Item 7 is a continuously stirred reactor wherein the urea melt 6 is maintained at suitable biuret-forming conditions so that some urea decomposes into biuret and gaseous ammonia.

Item 8 is a biuret-containing stream withdrawn from the reactor 7.

Item 9 denotes gaseous ammonia removed from the reactor 7.

Item 10 is a urea shaping equipment, for example a granulator or a prilling tower.

Stream 11 is a granular urea product obtained in the urea shaping equipment 10.

Item 12 is a condenser wherein the gaseous ammonia 9 is condensed with the help of water 13.

The stream 14 denotes an aqueous solution of urea obtained in the condenser 12, which is recycled to the recovery section 3.

The item 15 is a heat exchanger where heat can be recovered from the biuret- containing melt, before the shaping process.
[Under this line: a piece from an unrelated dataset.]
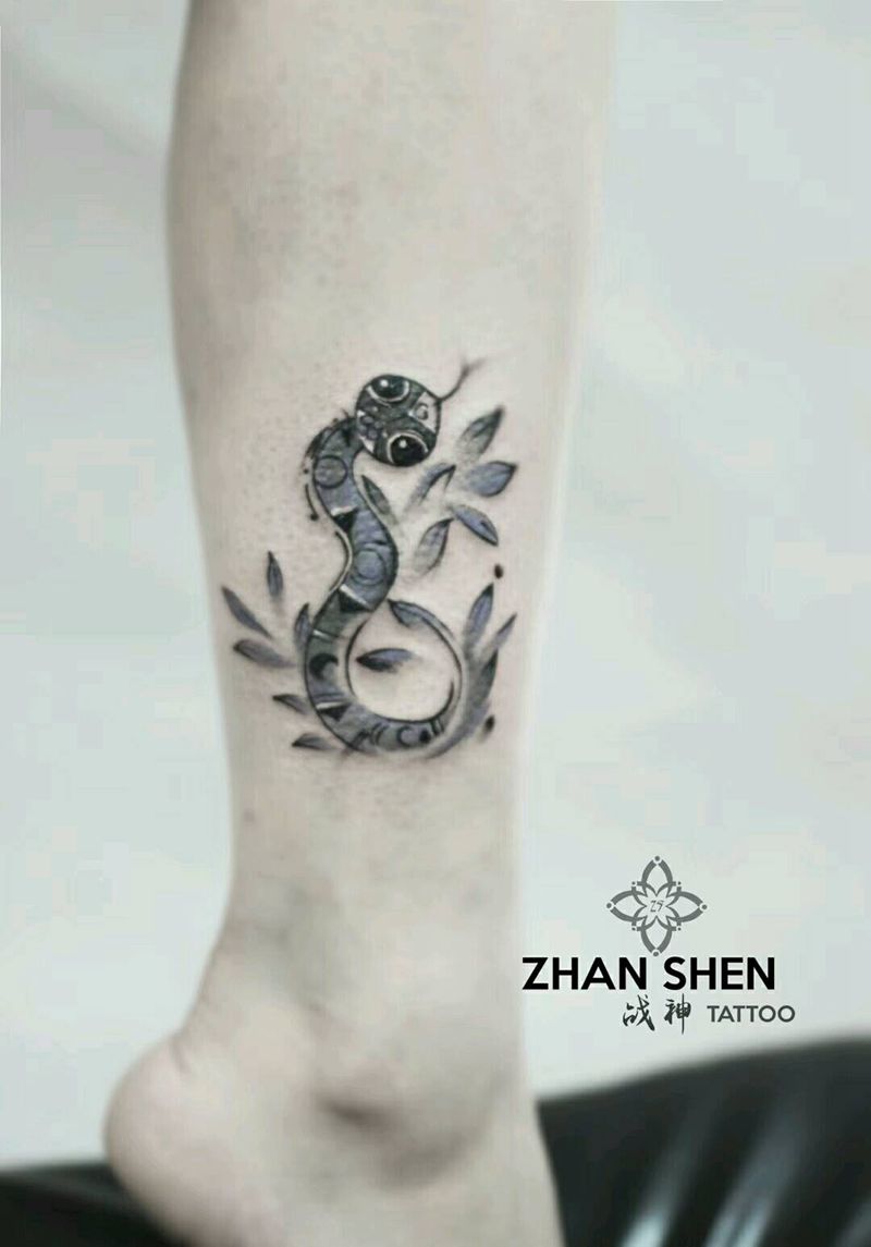 小蛇纹身图片_脚部腿部水彩水墨蛇纹身图案
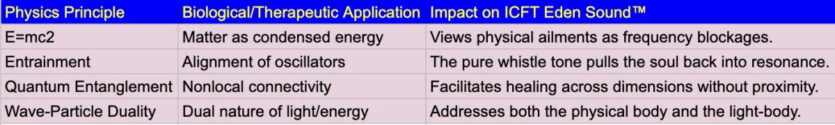 The efficacy of ICFT Eden Sound™ at an interdimensional level relies on the principles of quantum entanglement and nonlocal consciousness. Entanglement describes a state where particles remain connected, such that the state of one instantly influences the other, regardless of distance. This allows the practitioner to bridge the gap between the physical body of the client and the higher-dimensional templates of the soul.

It must be noted that the urea solution 4 or the urea melt 6 may be a part of the solution or melt obtained from the recovery section 3 or evaporation 5, respectively. A remaining part of the urea solution or of the urea melt may be directed to a different use or process.

Example: urea melt 6 preferably containing 99.5% urea or more is kept in the reactor 7 for residence time of 20 min, at a temperature of 165 °C and atmospheric pressure. The so obtained melt 8 contains 8% by weight of biuret. This biuret-containing melt after cooling in the heat exchanger 15 is converted into a granular product. The ammonia 9 emerging from the reactor 7 is preferably condensed with water until a solution 14 containing at least 15% ammonia by weight is obtained, said solution 14 can be recycled to the urea plant.